By combining (14) and (15), the following inequality is obtained:
equation (17) can be simplified as:
d>|w k -w k-1 | α (18)
By the formulas (16) and (18), the following inequality holds:
|w k+1 -w k |>|w k -w k-1 i type (19)
Formula (19) shows w k Not converged at w, and converged to w due to the countercheck method * And (5) a dot.
The weight decay constant delta is added in the formula (13), so the formula (13) can simplify the constraint formula for obtaining the momentum fractional order gradient descent algorithm:
wherein w is a parameter to be optimized, mu is a learning rate, k is the iteration number, alpha is the order of the fractional order, and m k Is the first order momentum, v k Is the second order momentum, epsilon is the minimum constant, and delta is the weight decay parameter.

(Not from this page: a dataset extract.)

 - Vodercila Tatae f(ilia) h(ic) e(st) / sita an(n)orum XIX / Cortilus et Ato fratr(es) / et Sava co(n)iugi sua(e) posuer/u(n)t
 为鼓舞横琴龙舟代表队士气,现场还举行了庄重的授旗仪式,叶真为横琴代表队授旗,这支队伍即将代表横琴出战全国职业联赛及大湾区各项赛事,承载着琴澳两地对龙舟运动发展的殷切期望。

Therefore, the momentum fractional gradient descent algorithm can converge to a real extreme point and can be used for optimizing the loss function of the neural network when w k+1 -w k When=0, the gradient no longer drops, the optimal point is reached, and the optimization is finished.
In some embodiments of the invention, referring to FIG. 1, the learning rate is 2e-3, the first order momentum is 0.9, the second order momentum is 0.999, the fractional order is 0.999, the minimum constant is 1e-7, and the weight decay parameter is 5e-3. The specific values of the above parameters can be selected according to the actual situation, and are not to be construed as limiting the invention.

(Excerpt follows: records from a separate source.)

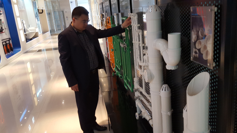 李總正在認(rèn)真查看水管管件
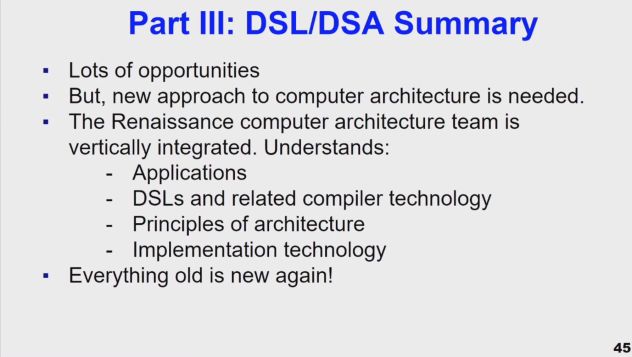 机会有很多!但体系结构设计也需要新方法,我们需要重新垂直组建计算机架构团队,他们需要掌握包括应用、DLSs以及相关编译技术、体系结构原理、技术实现等。John总结到:“Everything old is new again!”过去旧的技术重新变成新的了!
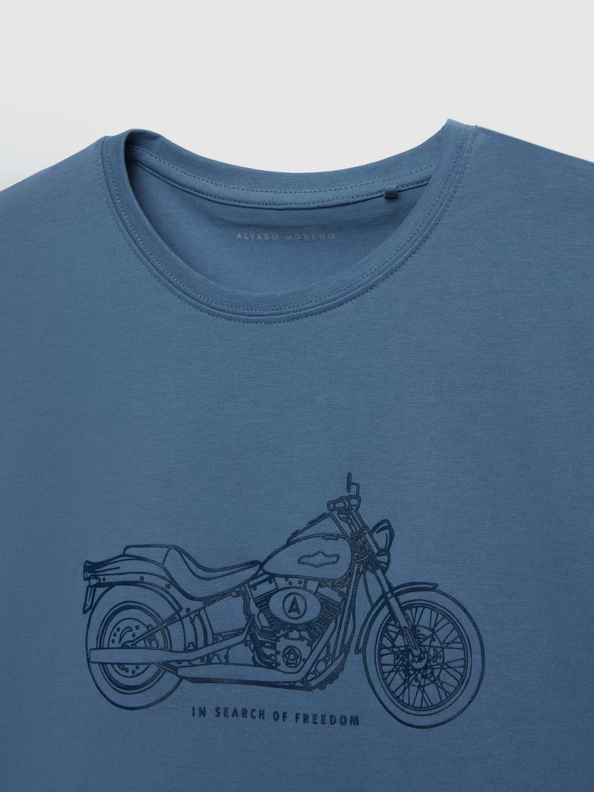 Camiseta con estampado personalizado en el frontal. Cuenta con cuello redondo, manga corta y corte regular fit.

In some embodiments of the present invention, referring to fig. 3 and 4, after the robot arm is controlled to perform reinforcement learning training according to the target image to grasp the target object, the method further includes the steps of: the grasping result and the rewarding rewards are determined. The model effect of the reinforcement learning model optimized by adopting the momentum fraction order gradient descent algorithm can be verified by testing the success rate of the mechanical arm grabbing and the return rewards. As shown in fig. 3 and 4, fig. 3 is a graph of the grasping result and fig. 4 is a graph of the rewards. In fig. 3, the x-axis is the training frequency, the y-axis is the grabbing result, the solid line represents the success rate of the mechanical arm grabbing the target object under the traditional Adam optimizer, and the dotted line represents the success rate of the mechanical arm grabbing the target object under the Adam (momentum fractional gradient descent algorithm) optimizer provided by the embodiment of the invention. In fig. 4, the x-axis is the training number, the y-axis is the rewarding reward, the solid line represents the rewarding reward obtained by the inverted pendulum under the traditional Adam optimizer, and the dotted line represents the rewarding reward obtained by the inverted pendulum under the foam (momentum fractional gradient descent algorithm) optimizer provided by the embodiment of the present invention. As can be seen from fig. 3 and fig. 4, the foam not only gives a larger rewarding prize to reinforcement learning, but also increases the success rate of the robot arm grasping the target object after the same round of training as compared with Adam.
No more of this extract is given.